At merely ten pages long, HB951 packs a lot of policy into a short piece of legislation. Now effectively law, HB951 lays out the following changes and directives:
- Carbon Reduction – HB951 requires the NC Utilities Commission (NCUC) to take "all reasonable steps" to achieve 70 percent carbon emissions reductions from 2005 levels by 2030, and achieve carbon neutrality by 2050. The NCUC is also required to make a Carbon Plan by December 2022 to meet this goal using a least-cost approach, which will be developed in concert with stakeholders and utilities and will be revisited every two years. The carbon goals can be achieved via use of technologies such as power generation, transmission and distribution, grid modernization, storage and energy efficiency measures, demand-side management, and the latest technological breakthroughs that meet the least-cost criteria.
- Clean Energy Transition – HB951 requires securitization of 50 percent of subcritical coal plant retirements, resulting in an estimated $1 billion in un-depreciated coal to be securitized. The bill also continues the Competitive Procurement of Renewable Energy (CPRE) program into 2022, and establishes an independent power producer (IPP)/utility ownership split of 45 percent/55 percent for new solar and solar plus storage generation. It also allows for procurement of other generation sources to meet the bill's carbon reduction goals, though those will be 100 percent utility-owned. The bill also allows for some IPPs to blend and extend their existing power purchase agreement contracts with the utility for up to ten years. HB951 also includes a provision mandating the NC Department of Environmental Quality (DEQ) to develop a plan to ensure "adequate financial resources" for the decommissioning of utility-scale solar projects.
- Regulatory Reform – HB951 reforms North Carolina's longstanding regulations for privately-owned monopoly utilities to provide electricity services by establishing performance-based regulation (PBR). This PBR provision allows for the utility to file for approval of multi-year rate plans (MYRPs) that incorporate one or more performance incentive mechanisms (PIMs) in addition to a decoupling rate-making mechanism for the residential customer class. The NCUC maintains the authority to approve or modify PIMs to make sure they encourage the utility to achieve certain policy goals such as reducing low-income energy burdens, expanding energy efficiency opportunities, etc.

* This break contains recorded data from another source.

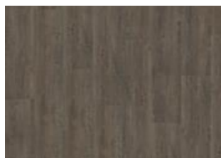
Gorbea - Loose Lay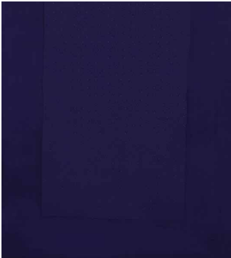
Alison Hall, Soffito I , 2017, oil, graphite, plaster on panel, 13 x 11 inches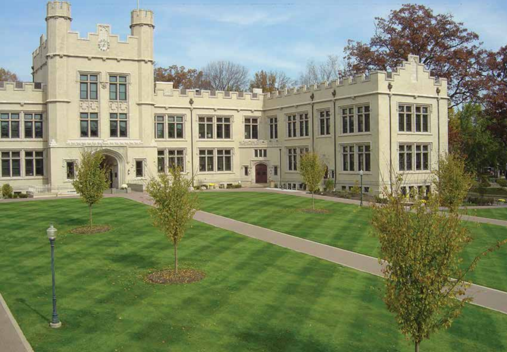
College of Wooster.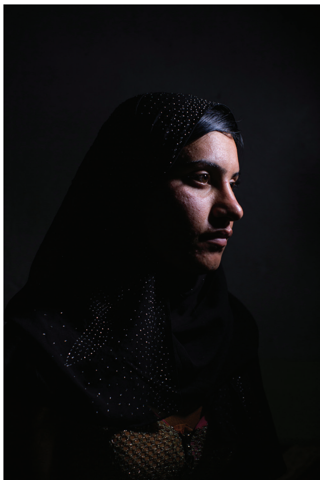
Sinjar, Iraq 2015/2016

- Rulemaking – HB951 tasks the NCUC with implementing most provisions of the bill and with various rule-making responsibilities, including evaluating and modifying existing standby service charges, revising the net metering rate, establishing an on-utility-bill repayment program related to energy efficiency investments, and establishing a rider for a voluntary program that will allow industrial, commercial, and residential customers to purchase renewable energy or renewable energy credits from the electric public utility.
Next Step: Implementation
Like any major piece of legislation, HB951 is imperfect, and implementation of the bill will be critically important, and much of the work ahead will take place before the NC Utilities Commission. NCSEA looks forward to remaining engaged in both the legislative and regulatory arenas, working with members, partners, and fellow stakeholders, to ensure the best possible outcome for North Carolina.